Mobile Information Systems

Volume 2016, Article ID 9586893, 19 pages

http://dx.doi.org/10.1155/2016/9586893

## Signaling-Free Max-Min Airtime Fairness in IEEE 802.11 Ad Hoc Networks

^{1}School of Electrical Engineering and Computer Science, Seoul National University, Seoul 08826, Republic of Korea^{2}Department of Information and Communication Engineering, Dongguk University, Seoul 04620, Republic of Korea

Received 23 December 2015; Revised 11 April 2016; Accepted 28 April 2016

Academic Editor: Jose Juan Pazos-Arias

Copyright © 2016 Youngsoo Lee et al. This is an open access article distributed under the Creative Commons Attribution License, which permits unrestricted use, distribution, and reproduction in any medium, provided the original work is properly cited.

#### Abstract

We propose a novel media access control (MAC) protocol, referred to as* signaling-free max-min airtime fair* (SMAF) MAC, to improve fairness and channel utilization in ad hoc networks based on IEEE 802.11 wireless local area networks (WLANs). We introduce* busy time ratio *(BTR) as a measure for max-min airtime fairness. Each node estimates its BTR and adjusts the transmission duration by means of frame aggregation and fragmentation, so that it can implicitly announce the BTR to neighbor nodes.
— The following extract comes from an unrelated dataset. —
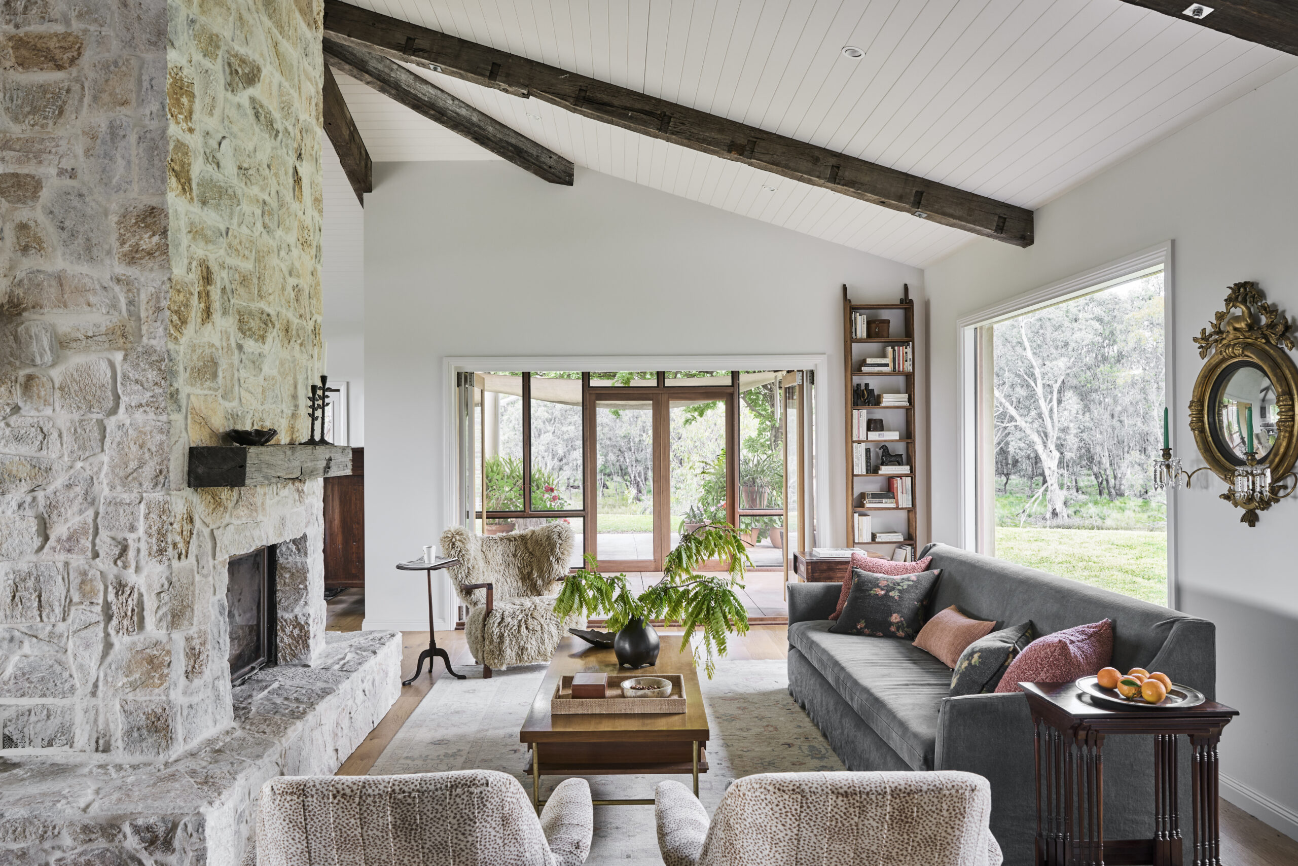 Kate Nixon introduced a strong material narrative centred on natural stone, incorporating it into the bathroom, central fireplace and kitchen to unify the home. The kitchen, reflecting the client’s passion for cooking and entertaining, became pivotal to the redesign. Kate Nixon added an island bench, substantial storage and a separate larder, while a stone wall behind the cooktop anchors the space and showcases treasured cookware passed down through generations. Tongue and groove panelled ceilings with rustic beams canopy the living area, seamlessly connecting to the open plan kitchen.

Based on the announced BTR, each of the neighbor nodes controls its contention window. In this way, the SMAF MAC works in a distributed manner without the need to know the max-min fair share of airtime, and it does not require exchanging explicit control messages among nodes to attain fairness. Moreover, we successfully incorporate the hidden node detection and resolution mechanisms into the SMAF MAC to deal with the hidden node problem in ad hoc networks. The simulation results confirm that the SMAF MAC enhances airtime fairness without degrading channel utilization, and it effectively resolves several serious problems in ad hoc networks such as the starvation, performance anomaly, and hidden node problems.

#### 1. Introduction

The recent explosive proliferation of mobile devices such as smartphones and tablet PCs has accelerated the demand for wireless Internet access. The wireless local area network (WLAN) based on IEEE 802.11 standard [1] is one of the most prevailing wireless communication technologies thanks to its ease of deployment and low installation cost. At the same time, Wi-Fi Alliance has recently released a standard for peer-to-peer communication based on WLAN (called Wi-Fi Direct) to support file sharing, multimedia streaming, content synchronization, and printing between Wi-Fi devices without the aid of an infrastructure device [2]. Furthermore, the recent development of the Internet of Things has facilitated and promoted the interconnectedness of many diverse devices and has driven the production of various applications [3, 4]. It is expected that new services based on ad hoc networks will emerge and increase rapidly. Thus, it is imperative in the operation of ad hoc networks to provide fair service and efficient channel utilization.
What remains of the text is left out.